Quelques années plus tard on m'a parlé de « phobie scolaire », j'ai trouvé ce mot inadapté, je n'avais peur ni de l'école, ni des autres, je ne pouvais simplement plus supporter de me réveiller cinq jours sur sept en me demandant si cette nouvelle journée ne serait pas la dernière.

« Je vais te tuer à coups de marteau »,
« tu seras dans ta tombe et je cracherai dessus », « bientôt je te violerai », « tu vas souffrir avant que je ne t'enterre de mes propres mains ». Voici une infime partie des phrases que des ados entre douze et seize ans m'ont adressées.

Les filles visaient davantage le physique et l'intellect, les garçons n'hésitaient pas à faire des allusions sexuelles tournées en menaces en classe alors qu'un professeur était présent.

Je m'étais résolue à être touchée par des mains sûres d'elles, par des personnes n'ayant pas conscience d'une
notion primordiale que l'on n'aborde pas à l'école, jamais, le consentement.

Se taire pour ne pas subir plus, persuadée d'être coupable.

Par peur je n'allais pas aux toilettes du collège, je ne savais que trop bien que là-bas tout pouvait m'arriver sans témoin adulte.

L'unique fois où je m'y suis rendue des tarifs étaient écrits à côté de mon prénom, je me trouvais à deux mètres de la sortie lorsqu'un garçon me plaqua contre le mur et commença à me déshabiller en disant « pourquoi tu résistes, si ça ne se passe pas ici ça se passera tôt ou tard quand tu
penseras être tranquille », j'ai réussi à le repousser et j'ai rejoint la cour sans ne rien laisser paraître.

J'étais la coincée puis la pute. La salope intello. Le sac d'os, l'anorexique, la plate, le fantôme. La sale chienne, la muette, « mais si tu sais la meuf bizarre là, j'sais plus son nom ».

La fille de la folle et du vieux.

Celle que l'on voyait rarement à la cantine, je me cachais dans la cour et me déplaçais au fur et à mesure qu'un surveillant fouillait tous les recoins pour vérifier qu'il ne restait personne.

Mes troubles du comportement alimentaire étaient revenus sans crier gare et entraînaient avec eux des mensonges quotidiens.

Je séchais de plus en plus de cours, j'étais malade chaque jour, ce n'était pas simulé.

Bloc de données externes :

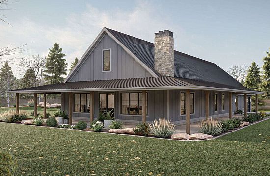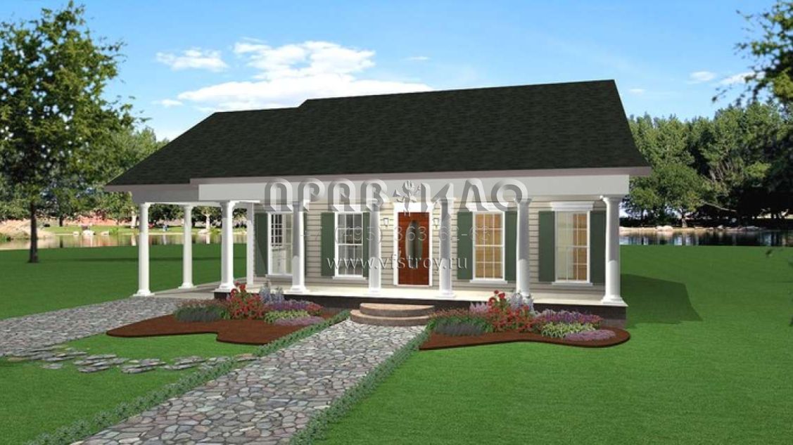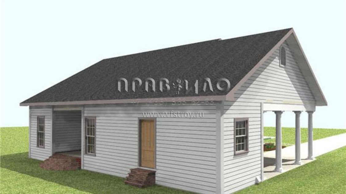Проект одноэтажного дома с гаражом на одну машину в стиле Ранчо S5-121 (1776-00013)

Mal dans ma peau entre ces murs tapissés de mappemondes et tables de multiplications, pas mieux lorsque j'en sortais et me devais de protéger celui que j'aime.

Comment pouvais-je appréhender un endroit que j'avais toujours aimé, pourquoi n'arrivais-je plus à supporter les violences, j'étais faible, je le pensais.

Des coups j'en avais déjà pris en primaire, des poings dans le ventre, des croche-pieds, des élèves qui coinçaient mes doigts dans les portes jusqu'à ce que je ne puisse plus les bouger.

Je n'avais pas cessé d'aller à l'école pour autant, quelques années plus tard, j'avais peut-être trop accumulé de maux pour résister.